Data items
☆ ☆ ☆ ☆ ☆ ☆ ☆
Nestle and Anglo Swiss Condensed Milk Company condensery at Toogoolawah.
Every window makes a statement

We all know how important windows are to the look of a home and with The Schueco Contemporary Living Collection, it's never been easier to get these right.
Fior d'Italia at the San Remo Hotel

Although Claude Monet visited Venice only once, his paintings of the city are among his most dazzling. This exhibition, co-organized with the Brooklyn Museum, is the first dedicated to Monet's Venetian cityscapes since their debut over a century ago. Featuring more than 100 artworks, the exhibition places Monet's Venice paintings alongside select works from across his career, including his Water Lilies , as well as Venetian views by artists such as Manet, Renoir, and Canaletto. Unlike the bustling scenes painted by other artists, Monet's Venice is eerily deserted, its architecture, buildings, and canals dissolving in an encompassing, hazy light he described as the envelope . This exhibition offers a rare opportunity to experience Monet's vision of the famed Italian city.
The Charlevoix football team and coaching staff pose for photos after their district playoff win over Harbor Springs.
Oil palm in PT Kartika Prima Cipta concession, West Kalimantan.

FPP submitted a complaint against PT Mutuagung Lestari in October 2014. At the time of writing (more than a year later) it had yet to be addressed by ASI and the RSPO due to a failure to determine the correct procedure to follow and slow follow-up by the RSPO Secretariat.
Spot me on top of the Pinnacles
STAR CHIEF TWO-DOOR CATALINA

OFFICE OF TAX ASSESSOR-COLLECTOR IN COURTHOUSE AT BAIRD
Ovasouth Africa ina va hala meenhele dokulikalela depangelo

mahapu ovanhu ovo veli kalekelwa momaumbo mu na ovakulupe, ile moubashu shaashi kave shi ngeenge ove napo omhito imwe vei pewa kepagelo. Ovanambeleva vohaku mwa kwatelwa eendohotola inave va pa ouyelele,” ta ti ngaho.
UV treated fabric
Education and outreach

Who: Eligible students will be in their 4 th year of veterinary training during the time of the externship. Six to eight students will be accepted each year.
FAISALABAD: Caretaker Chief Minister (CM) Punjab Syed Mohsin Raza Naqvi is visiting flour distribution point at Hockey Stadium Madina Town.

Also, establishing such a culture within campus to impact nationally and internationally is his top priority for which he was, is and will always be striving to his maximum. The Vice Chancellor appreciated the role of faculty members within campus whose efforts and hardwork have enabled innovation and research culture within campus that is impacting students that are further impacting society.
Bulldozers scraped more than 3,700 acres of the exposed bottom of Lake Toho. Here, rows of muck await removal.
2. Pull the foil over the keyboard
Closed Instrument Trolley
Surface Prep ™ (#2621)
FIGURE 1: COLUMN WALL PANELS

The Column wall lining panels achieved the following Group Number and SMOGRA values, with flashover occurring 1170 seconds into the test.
☆ ☆ ☆ ☆ ☆ ☆ ☆
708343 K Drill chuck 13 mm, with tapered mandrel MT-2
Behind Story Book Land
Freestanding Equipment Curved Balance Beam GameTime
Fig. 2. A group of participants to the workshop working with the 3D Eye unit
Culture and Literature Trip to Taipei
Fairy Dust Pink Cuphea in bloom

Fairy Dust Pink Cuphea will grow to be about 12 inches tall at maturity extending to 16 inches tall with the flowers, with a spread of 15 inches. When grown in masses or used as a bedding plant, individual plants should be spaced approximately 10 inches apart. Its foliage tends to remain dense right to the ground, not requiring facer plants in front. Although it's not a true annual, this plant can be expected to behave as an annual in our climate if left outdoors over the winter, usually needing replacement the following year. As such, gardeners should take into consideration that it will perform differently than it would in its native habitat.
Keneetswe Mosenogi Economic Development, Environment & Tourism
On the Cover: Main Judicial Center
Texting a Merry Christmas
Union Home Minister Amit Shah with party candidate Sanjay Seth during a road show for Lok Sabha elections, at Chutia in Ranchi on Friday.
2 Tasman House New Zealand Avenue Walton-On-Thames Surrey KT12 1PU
☆ ☆ ☆ ☆ ☆ ☆ ☆
*Task*.
Retype only the stretch of lines above starting at the one with "Ovasouth Africa ina" and stopping at the one with "The Column wall", exactly as written, with both kept.

*Task solution*.
Ovasouth Africa ina va hala meenhele dokulikalela depangelo

mahapu ovanhu ovo veli kalekelwa momaumbo mu na ovakulupe, ile moubashu shaashi kave shi ngeenge ove napo omhito imwe vei pewa kepagelo. Ovanambeleva vohaku mwa kwatelwa eendohotola inave va pa ouyelele,” ta ti ngaho.
UV treated fabric
Education and outreach

Who: Eligible students will be in their 4 th year of veterinary training during the time of the externship. Six to eight students will be accepted each year.
FAISALABAD: Caretaker Chief Minister (CM) Punjab Syed Mohsin Raza Naqvi is visiting flour distribution point at Hockey Stadium Madina Town.

Also, establishing such a culture within campus to impact nationally and internationally is his top priority for which he was, is and will always be striving to his maximum. The Vice Chancellor appreciated the role of faculty members within campus whose efforts and hardwork have enabled innovation and research culture within campus that is impacting students that are further impacting society.
Bulldozers scraped more than 3,700 acres of the exposed bottom of Lake Toho. Here, rows of muck await removal.
2. Pull the foil over the keyboard
Closed Instrument Trolley
Surface Prep ™ (#2621)
FIGURE 1: COLUMN WALL PANELS

The Column wall lining panels achieved the following Group Number and SMOGRA values, with flashover occurring 1170 seconds into the test.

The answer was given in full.